Consulting with professor Daniel Correa Botero
On Thursday, I met with professor Daniel Correa Botero to ask for his advice on how to get started with the special project I have to submit in fullfilment of my internship. His overall impression was that the project is quite hairy, and that I should get started achieving simpler tasks incrementally. He desribed some steps he would take to achieve the main goal which I found to be helpful guidance, as far as it goes.
Reading papers on good practices for scientific computing
My boss told me to read these two papers on good practices for scientific computing, for us to discuss on a later date:
-
Wilson, Greg, D. A. Aruliah, C. Titus Brown, et al. 2014. ‘Best Practices for Scientific Computing’. PLOS Biology 12 (1): e1001745. https://doi.org/10.1371/journal.pbio.1001745.
-
Wilson, Greg, Jennifer Bryan, Karen Cranston, Justin Kitzes, Lex Nederbragt, and Tracy K. Teal. 2017. ‘Good Enough Practices in Scientific Computing’. PLOS Computational Biology 13 (6): e1005510. https://doi.org/10.1371/journal.pcbi.1005510.
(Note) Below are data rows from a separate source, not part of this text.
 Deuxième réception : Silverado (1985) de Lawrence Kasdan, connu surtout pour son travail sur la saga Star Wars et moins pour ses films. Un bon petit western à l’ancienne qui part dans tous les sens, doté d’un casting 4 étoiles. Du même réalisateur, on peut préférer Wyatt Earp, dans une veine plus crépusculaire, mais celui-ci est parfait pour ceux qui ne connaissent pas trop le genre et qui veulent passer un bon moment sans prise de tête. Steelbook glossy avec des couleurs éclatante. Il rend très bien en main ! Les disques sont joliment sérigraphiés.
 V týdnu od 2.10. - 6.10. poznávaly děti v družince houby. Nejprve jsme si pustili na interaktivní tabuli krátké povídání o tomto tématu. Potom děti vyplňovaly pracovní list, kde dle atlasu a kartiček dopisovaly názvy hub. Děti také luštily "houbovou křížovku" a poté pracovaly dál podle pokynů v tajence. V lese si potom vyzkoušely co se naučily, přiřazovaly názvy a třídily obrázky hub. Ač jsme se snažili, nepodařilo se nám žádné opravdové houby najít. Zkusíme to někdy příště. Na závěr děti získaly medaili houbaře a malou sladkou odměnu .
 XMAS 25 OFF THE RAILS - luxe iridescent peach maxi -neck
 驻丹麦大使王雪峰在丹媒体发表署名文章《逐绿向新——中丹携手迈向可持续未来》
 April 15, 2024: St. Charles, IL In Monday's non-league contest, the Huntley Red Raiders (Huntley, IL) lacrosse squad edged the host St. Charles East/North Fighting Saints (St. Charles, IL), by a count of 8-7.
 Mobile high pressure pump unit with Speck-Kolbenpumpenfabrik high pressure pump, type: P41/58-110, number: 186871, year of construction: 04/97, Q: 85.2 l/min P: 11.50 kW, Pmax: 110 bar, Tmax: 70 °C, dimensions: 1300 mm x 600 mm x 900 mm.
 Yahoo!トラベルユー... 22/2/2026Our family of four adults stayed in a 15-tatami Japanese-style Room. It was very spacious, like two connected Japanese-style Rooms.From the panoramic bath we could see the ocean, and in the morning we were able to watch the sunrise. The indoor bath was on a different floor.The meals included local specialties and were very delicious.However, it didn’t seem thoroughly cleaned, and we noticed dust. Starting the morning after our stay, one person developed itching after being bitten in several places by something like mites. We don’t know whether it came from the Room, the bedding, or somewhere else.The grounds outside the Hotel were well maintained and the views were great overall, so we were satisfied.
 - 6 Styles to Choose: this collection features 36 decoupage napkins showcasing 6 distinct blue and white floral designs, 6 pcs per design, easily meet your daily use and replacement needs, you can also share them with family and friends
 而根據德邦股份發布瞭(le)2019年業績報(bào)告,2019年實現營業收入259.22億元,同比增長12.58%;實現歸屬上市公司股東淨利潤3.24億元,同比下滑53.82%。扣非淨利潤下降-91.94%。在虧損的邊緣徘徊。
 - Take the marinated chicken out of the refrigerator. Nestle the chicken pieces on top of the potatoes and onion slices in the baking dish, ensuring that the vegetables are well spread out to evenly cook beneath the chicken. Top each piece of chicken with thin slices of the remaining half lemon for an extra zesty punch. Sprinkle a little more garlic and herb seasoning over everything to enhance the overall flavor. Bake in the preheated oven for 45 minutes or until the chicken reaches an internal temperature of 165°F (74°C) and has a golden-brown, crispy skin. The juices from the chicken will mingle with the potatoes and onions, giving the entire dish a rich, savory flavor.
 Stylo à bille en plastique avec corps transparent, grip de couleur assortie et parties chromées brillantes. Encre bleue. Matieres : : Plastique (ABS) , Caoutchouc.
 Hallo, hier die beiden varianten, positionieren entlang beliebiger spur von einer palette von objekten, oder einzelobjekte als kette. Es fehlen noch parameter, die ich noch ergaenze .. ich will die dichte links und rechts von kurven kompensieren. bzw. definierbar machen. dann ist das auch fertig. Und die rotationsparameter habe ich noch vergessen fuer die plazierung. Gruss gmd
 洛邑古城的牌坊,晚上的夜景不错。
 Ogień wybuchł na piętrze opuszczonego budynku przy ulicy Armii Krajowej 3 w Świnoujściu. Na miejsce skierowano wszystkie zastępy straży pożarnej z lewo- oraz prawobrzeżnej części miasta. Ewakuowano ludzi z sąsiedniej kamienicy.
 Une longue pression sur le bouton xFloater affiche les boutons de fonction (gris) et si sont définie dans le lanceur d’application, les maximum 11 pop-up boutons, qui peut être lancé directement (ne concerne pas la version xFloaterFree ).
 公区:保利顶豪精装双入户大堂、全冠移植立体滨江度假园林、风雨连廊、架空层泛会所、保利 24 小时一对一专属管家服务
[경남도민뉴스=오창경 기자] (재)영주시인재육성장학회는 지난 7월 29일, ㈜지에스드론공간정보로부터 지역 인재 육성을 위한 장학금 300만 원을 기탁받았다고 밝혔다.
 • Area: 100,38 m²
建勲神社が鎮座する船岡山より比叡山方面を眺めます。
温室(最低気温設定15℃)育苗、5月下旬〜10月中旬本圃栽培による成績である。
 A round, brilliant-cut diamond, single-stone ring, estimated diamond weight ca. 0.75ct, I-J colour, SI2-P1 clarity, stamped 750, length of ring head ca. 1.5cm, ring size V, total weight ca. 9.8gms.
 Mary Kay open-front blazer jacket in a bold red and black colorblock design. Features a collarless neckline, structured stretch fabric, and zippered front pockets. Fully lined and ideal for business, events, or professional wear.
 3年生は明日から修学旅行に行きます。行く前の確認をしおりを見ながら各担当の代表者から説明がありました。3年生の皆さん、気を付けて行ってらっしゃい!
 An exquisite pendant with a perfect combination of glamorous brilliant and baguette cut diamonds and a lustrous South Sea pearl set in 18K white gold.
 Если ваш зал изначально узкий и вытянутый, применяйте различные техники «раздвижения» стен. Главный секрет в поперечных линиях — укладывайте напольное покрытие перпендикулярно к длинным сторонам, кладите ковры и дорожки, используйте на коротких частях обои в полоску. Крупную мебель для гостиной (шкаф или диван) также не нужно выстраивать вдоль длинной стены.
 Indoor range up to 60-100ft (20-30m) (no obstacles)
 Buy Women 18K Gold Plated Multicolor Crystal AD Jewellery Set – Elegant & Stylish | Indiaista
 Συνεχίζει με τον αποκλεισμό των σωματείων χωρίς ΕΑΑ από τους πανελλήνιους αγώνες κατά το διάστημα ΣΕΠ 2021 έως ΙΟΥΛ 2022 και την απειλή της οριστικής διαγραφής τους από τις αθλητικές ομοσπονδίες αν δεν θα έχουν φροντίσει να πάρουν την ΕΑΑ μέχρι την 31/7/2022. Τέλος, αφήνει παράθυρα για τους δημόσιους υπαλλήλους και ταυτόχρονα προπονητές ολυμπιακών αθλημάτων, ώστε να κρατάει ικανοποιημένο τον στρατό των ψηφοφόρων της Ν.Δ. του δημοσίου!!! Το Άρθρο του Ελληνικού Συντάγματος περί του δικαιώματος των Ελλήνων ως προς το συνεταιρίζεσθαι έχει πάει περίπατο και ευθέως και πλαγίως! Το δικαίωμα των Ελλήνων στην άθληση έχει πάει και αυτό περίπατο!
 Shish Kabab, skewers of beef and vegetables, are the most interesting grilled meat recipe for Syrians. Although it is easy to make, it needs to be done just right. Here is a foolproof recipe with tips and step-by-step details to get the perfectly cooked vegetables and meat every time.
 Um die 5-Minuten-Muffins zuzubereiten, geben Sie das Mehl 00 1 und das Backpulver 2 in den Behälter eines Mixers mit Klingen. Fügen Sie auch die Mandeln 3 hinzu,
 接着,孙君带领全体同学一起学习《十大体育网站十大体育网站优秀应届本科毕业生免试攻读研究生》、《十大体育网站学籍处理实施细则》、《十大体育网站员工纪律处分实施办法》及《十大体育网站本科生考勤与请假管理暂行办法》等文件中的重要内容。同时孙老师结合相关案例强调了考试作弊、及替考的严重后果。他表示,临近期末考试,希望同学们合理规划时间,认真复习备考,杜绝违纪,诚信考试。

Some quotes from the papers:
-
On change:
Change is hard, and if researchers don’t see those benefits quickly enough to justify the pain, they will almost certainly switch back to their old way of doing things.
-
On the target audience of scientific computing:
Unlike traditional commercial software developers, but very much like developers in open source projects or startups, scientific programmers usually don’t get their requirements from customers, and their requirements are rarely frozen. In fact, scientists often can’t know what their programs should do next until the current version has produced some results. This challenges design approaches that rely on specifying requirements in advance.
-
On getting to a prototype quickly:
Even when it is known before coding begins that a low-level language will ultimately be necessary, rapid prototyping in a high-level language helps programmers make and evaluate design decisions quickly.
-
On implementing these suggestions:
Nevertheless, we do not recommend that research groups attempt to implement all of these recommendations at once, but instead suggest that these tools be introduced incrementally over a period of time.